Степка Карелин битых не спроваживал с помоста на погост. Битых гнали в каторгу или на поселение. Да и то, как указано, «не прежде совершенного излечения». Бить, не убивая, вот соль мастерства. Соли этой у здешней сволочи не было. Арестант-доброволец и десятухой батогов искалечит, никакого тебе излечения. На виду у всех расплатится за всех, радость общая!
У, гниды! Еще вчерась, выплывешь из каморы — шапки ломают, в пояс кланяются. А нынче скалят зубы: ничо, Степа, батожье — древо Божие. У, мразь, каждый в охотку обсахарит… Оставалась надежда на г-на Шуберта. Пусть изыщет возможность принять десятуху в каком-нибудь глухом остроге, где его, мастера, не знают в лицо.
Г-н Шуберт не говорил: «тюрьма» — говорил: «мой замок», подчас сопрягая с излюбленным: «Я служу моему государю». Степкина измена Родине нанесла обруселому немцу чувствительный удар. Он думал горестно: «Так не служат своему государю». Кнутопродавца осудили законно, но звериную мстительность арестантов хотелось отвратить. Однако был ли способ отвращенья? Изысканья г-на Шуберта похерил г-н Майер.

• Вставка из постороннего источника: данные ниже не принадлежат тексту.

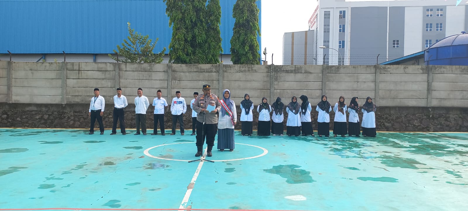 Cilegon – Bhabinkamtibmas Polsek Ciwandan Dampingi Kasat Binmas Polres Cilegon Polda Banten IPTU Muhyidin Pimpin Upacara Dan Menyambangi MTS & MA Dikelurahan Tegalratu Kecamatan Ciwandan, Menyampaikan Pesan-pesan Kamtibmas Dan Memberikan Imbauan, Senin (24/11/2025).

Губернский прокурор, благодушный и рассеянный, сразу насторожил главного смотрителя напряженной строгостью, как бы сосредоточенной в стеклах прокурорских очков. Не в глазах, близоруко-водянистых, нет, именно в линзах.
Прокурор г-н Майер вполголоса информировал главного смотрителя г-на Шуберта о необходимости приобщения заплечного мастера к делу чрезвычайной важности. И, даже не осведомившись о здравии г-жи Шуберт, покинул тюрьму.

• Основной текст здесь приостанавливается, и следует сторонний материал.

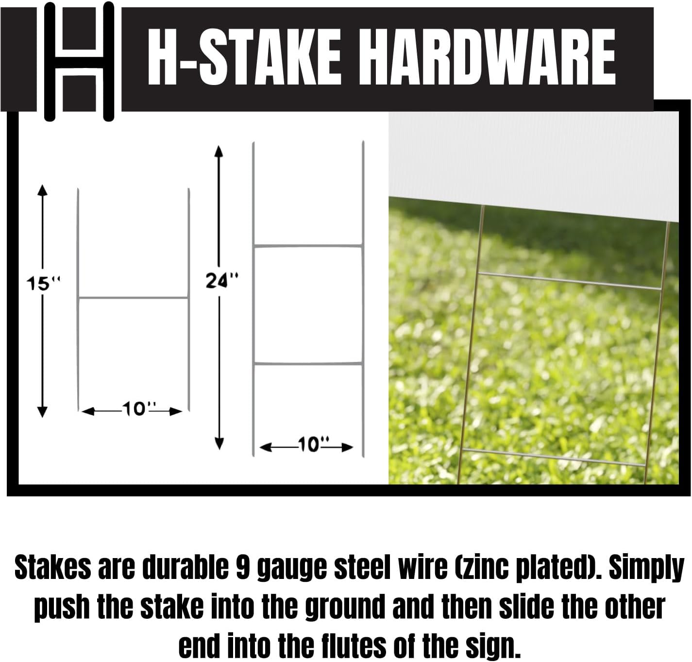 H-stakes included for easy ground installation. Smaller sizes typically include one H-stake, while larger 36×24 inch signs include two H-stakes.

Главный смотритель остался в положении хуже губернаторского.
Предстояла казнь, хотя и без кровопролития, но смертная. Степан же Карелин при определении в должность объявил не без высокомерия: я-де жизнь вконец отымать не даю согласия. И г-н Шуберт сказал: «So!» А теперь что же?
Степка Карелин, одержимый шкурным интересом, перехватил начальника на тюремном дворе. Сдернул шапку, склонил кудлатую голову. Г-н Шуберт, длинный и плоский, как рейсшина, положил верхнюю губу на нижнюю, отчего лицо его приняло выражение плаксивое. Однако ни мастер не успел рот раскрыть, ни г-н Шуберт губой шевельнуть — отворились ворота, а там, на воле, в блеклой голубизне, вежливо кивали битюги — вороные, пегие, каурые.
И вот уж, напруживая толстые жилы, влекли тяжелые телеги. Бревна и тес, нагретые июльским солнцем, источали смолистые бусинки. Степка Карелин, учуяв запах свежего эшафота, надел шапку и выставил ногу в крепком крестьянском сапоге.